▶ [Assignment]: Your reply should contain the whole listing below, repeated exactly, and no images.

▶ [Source material]:
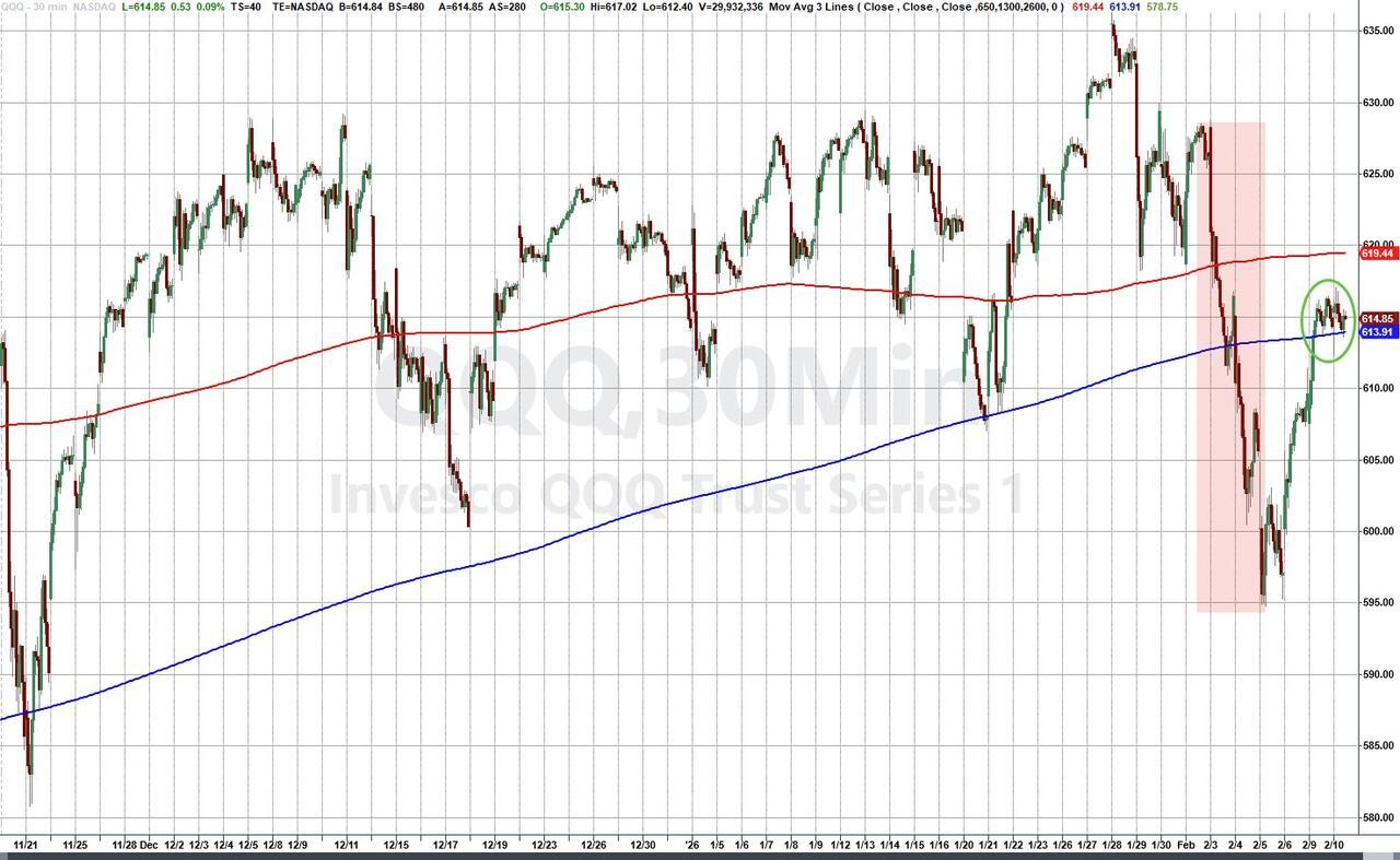 Starting on Friday, we have seen a sudden reversal from panic-selling to panic-buying in tech stocks, which has lifted Nasdaq back above its 100DMA...
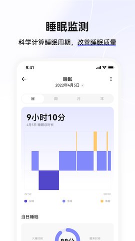 3、应用提供科学的睡眠质量评估,能够监测不同阶段的睡眠情况,帮助用户改善睡眠质量,享受更好的休息。
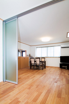 | 2階にあったピアノは窓際に設置し、弾く時のために間仕切り戸を取り付けた。キッチンカウンターの下に新しく造った収納スペースのおかげで、モノがあふれることもなくスッキリしたキッチンまわりになった。間仕切り戸はグリーンがかった半透明素材のため、圧迫感を感じさせない。住みながらのリフォーム工事だったため、帰宅の度に進み具合が確認できて安心だったという | ![]() |
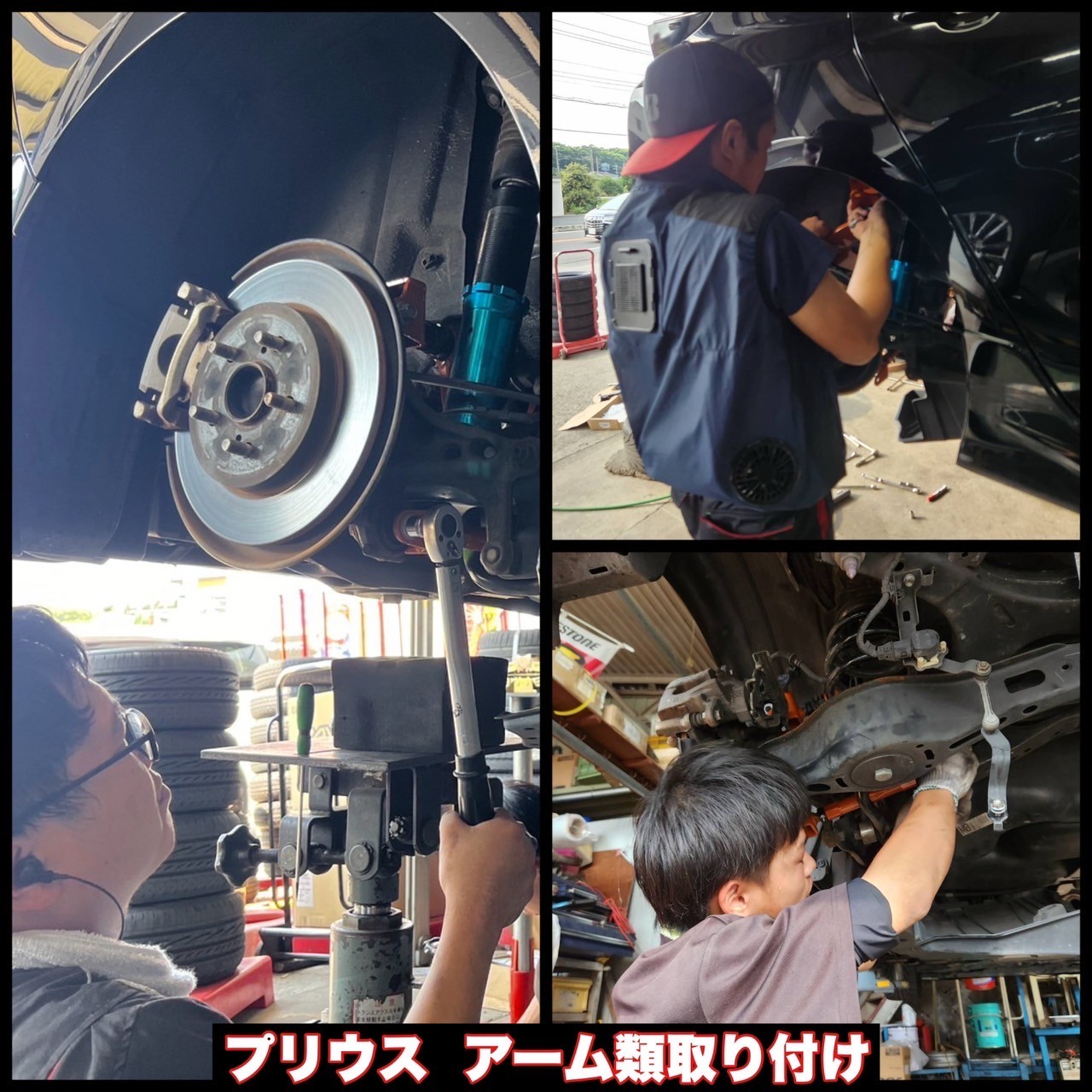 元々、車高調を取り付けていたこちらの車両【50プリウス】に、スキッドレーシングさんの【リアアッパーアーム】と【リアトーコントロールアーム】を取り付けて、リアのキャンバーをつけました!

▶ [Expected output]:
 Starting on Friday, we have seen a sudden reversal from panic-selling to panic-buying in tech stocks, which has lifted Nasdaq back above its 100DMA...
 3、应用提供科学的睡眠质量评估,能够监测不同阶段的睡眠情况,帮助用户改善睡眠质量,享受更好的休息。
 | 2階にあったピアノは窓際に設置し、弾く時のために間仕切り戸を取り付けた。キッチンカウンターの下に新しく造った収納スペースのおかげで、モノがあふれることもなくスッキリしたキッチンまわりになった。間仕切り戸はグリーンがかった半透明素材のため、圧迫感を感じさせない。住みながらのリフォーム工事だったため、帰宅の度に進み具合が確認できて安心だったという | ![]() |
 元々、車高調を取り付けていたこちらの車両【50プリウス】に、スキッドレーシングさんの【リアアッパーアーム】と【リアトーコントロールアーム】を取り付けて、リアのキャンバーをつけました!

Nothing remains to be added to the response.